Miss Earth Guam
- Formation: 2007
- Type: Beauty Pageant
- Headquarters: Hagåtña
- Location: Guam;
- Members: Miss Earth
- Official language: Chamorro, English
- President: Frank B. Santos
- Key people: Lita Duenas (Executive Director)
- Website: www.missearthguam.org

= Miss Earth Guam =

Beauty pageant in Guam

Miss Earth Guam is a national beauty pageant held annually in search of the most beautiful and environmental-friendly woman in the United States territory of Guam. It is one of the official preliminaries to the international Miss Earth beauty pageant. The pageant focuses mainly on promoting environmental causes and winners are chosen equally on their physical attributes as well as their understanding and knowledge of the issues affecting the Earth. Along with Miss Universe and Miss World contests, Miss Earth is one of the three largest beauty pageants in the world in terms of the number of national-level competitions to participate in the world finals. The reigning titleholders dedicate their year to promote environmental projects and to address issues concerning the environment.

==History==
In the last quarter of 2007, Frank B. Santos acquired the national franchise for Miss Earth Guam from Carousel Productions, the organization that runs the Miss Earth and Miss Philippines Earth beauty contests.
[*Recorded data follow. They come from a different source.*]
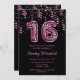 Cette invitation d'anniversaire élégante et glamour présente le nombre 16 en impression léopard avec des confettis roses. Le texte combine une écriture manuscrite et des polices sans serif modernes pour un look classe et sophistiqué.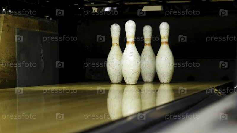 Зелёный мяч не падает в скорлупы на игровом поле, концепция активности.Закрой несколько старых белых булавок, стоящих на деревянной аллее во время игры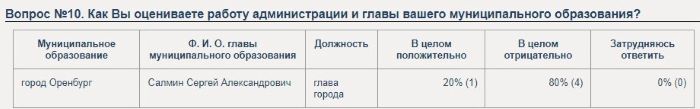Каковы же в настоящее время результаты данного опроса, пока рядовые оренбуржцы пребывают в неведении, что у них есть шанс поставить своему мэру "неуд" за работу?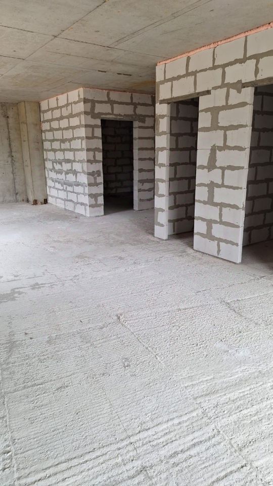 В квартирах высокие потолки от 2,8 до 3 метров. Все балконы застеклены. Будут выполнены самые грязные и тяжелые работы: заливка полусухой стяжки вместе со слоем керамзита для тепло- и звукоизоляции, установка межкомнатных стен.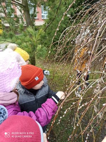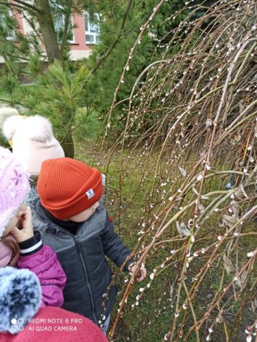 Dzieci z grupy Krasnoludki podczas codziennych spacerów lub zabaw na świeżym powietrzu, mają możliwość poszukiwać oznak lub zjawisk odpowiadających danej porze roku. Udało im się już odnaleźć pierwsze oznaki przedwiośnia, a mianowicie bazie kotki.
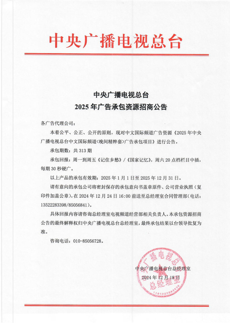 发布时间: 2024年12月24日 10:47 | 来源: 中央广电总台总经理室 |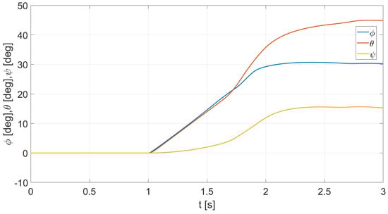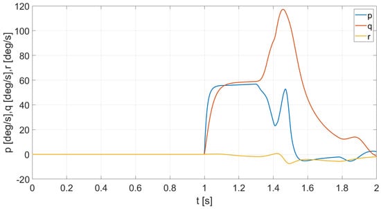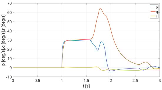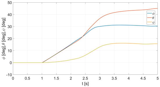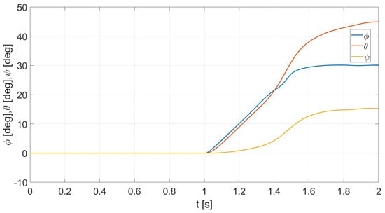 The dynamics of the state of the UAV, in other words, the speed response, including its orientation to the desired angle position, is shown in Figure 3 and Figure 4. The UAV attitude control has been activated at time s; then, the UAV angulary has been moved from the “zero” attitude to the reference angular position. First, simulations are performed for the UAV controlled by the P and PID stabilizer only, neglecting the SDRE stabilizer.
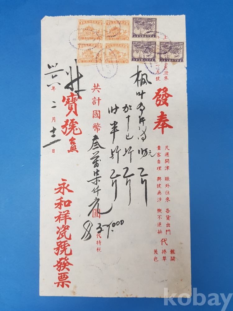 **** 중국 1940년대 5월,30원 수입인지 7매첩부 회계문서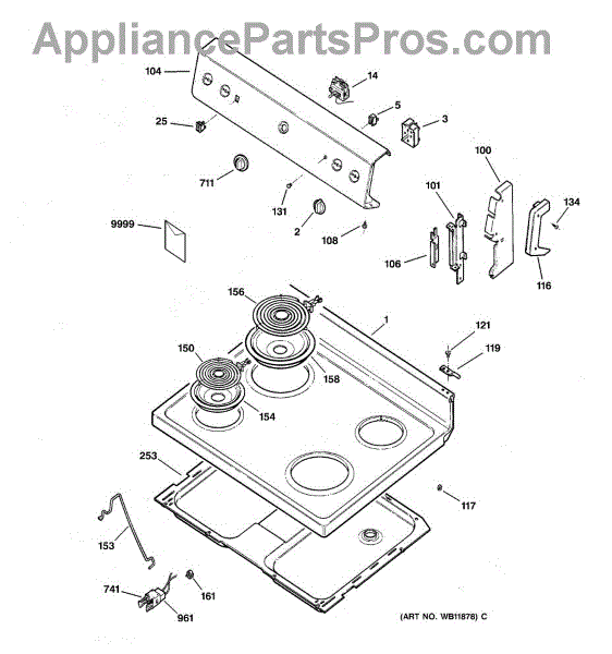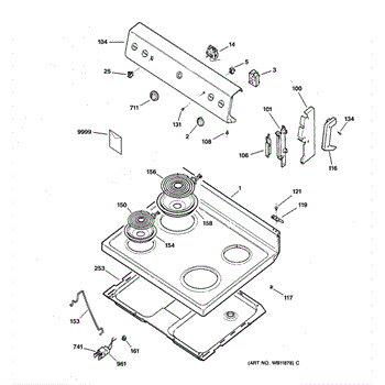 Parts for Ge JBS07C3WW: 01 - Control Panel & Cooktop Parts

In July 2008, a press conference was held in Tumon for the official launching of Miss Earth Guam. The event was organized by Santos and attended by Guam's First Lady Joann Camacho, Senator Tina Muna Barnes, and Sinajana Vice Mayor Robert Hoffman. Camacho extended the government of Guam's assistance to the Miss Earth Guam Organization and to the Miss Earth Guam delegate in order to fully participate in the Miss Earth 2008 pageant.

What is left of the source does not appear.